Alesha juga sangat sadar diri, siapalah dirinya ini yang hanya seorang mahasiswa biasa dari luar. Dia hanya gadis yang kebetulan bertemu dan mencintai seorang pangeran yang sudah mempunyai calon pendamping yang pantas. Bukan dengan dirinya yang hanya gadis biasa. Kalau rakyat inggris tahu kalau dirinya yang menyebabkan putusnya perjodohan putri Silvia dan pangeran George, bisa-bisa Alesha akan menjadi bahan bully dan yang lebih parah akan dideportasi dari inggris. Itu akan menjadi hal yang sangat memalukan bagi dirinya dan kedua orang tuanya.

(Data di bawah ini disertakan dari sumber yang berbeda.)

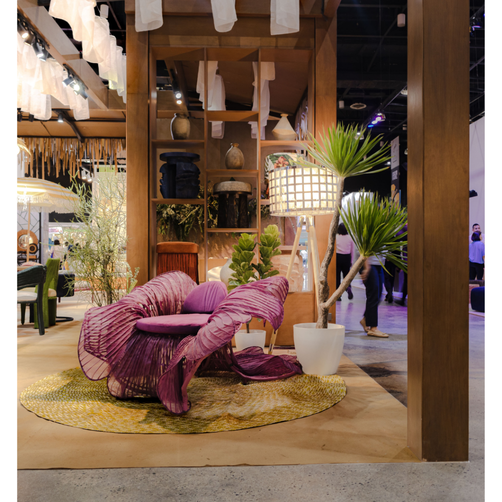 Crowd favorites included the Rosas Chair, a Katha Award finalist admired for its sculpted petal form, and the one-of-a-kind Sun Loungers, which featured woven framing and all-weather fabric that perfectly captured the spirit of tropical living.
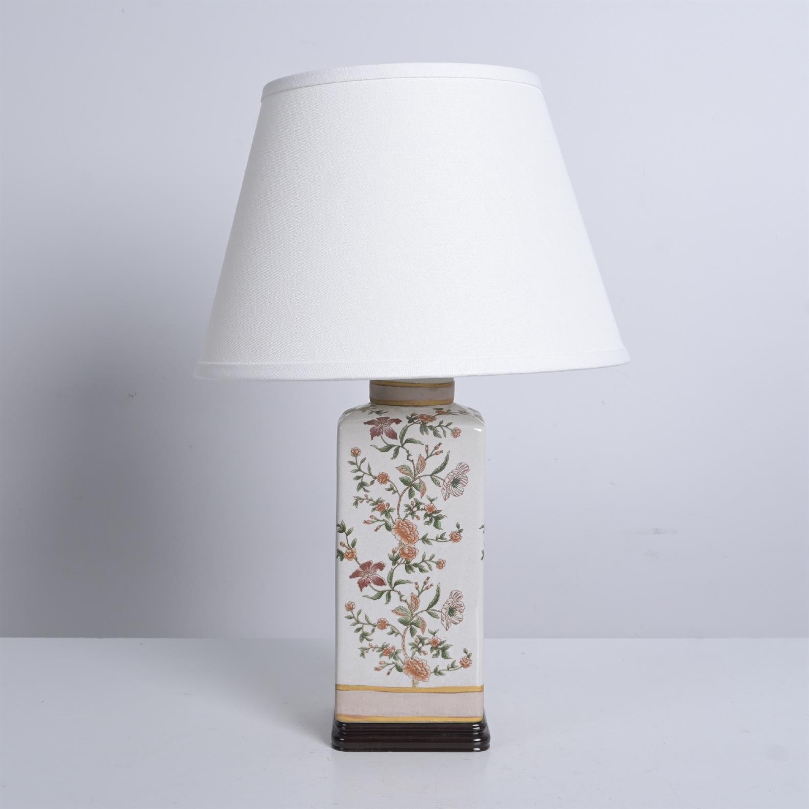 A CHINESE-STYLE FLORAL DECORATED TABLE LAMP WITH SHADE (64H X 38DIA CM) (LEONARD JOEL DELIVERY SIZE: MEDIUM)

Lama Alesha termenung memikirkan semua yang dikatakan Silvia, dan apa yang sudah dikatakan Silvia memang semuanya benar dan masuk akal. Alesha kemudian hanya menarik napas panjang dan meminum air yang ada didepannya karena tiba-tiba saja tenggorokannya menjadi kering.

Silvia tersenyum puas melihat sikap Alesha, dia yakin rencananya sebentar lagi akan berhasil. Tinggal selangkah lagi dan semuanya akan berjalan sesuai dengan rencananya.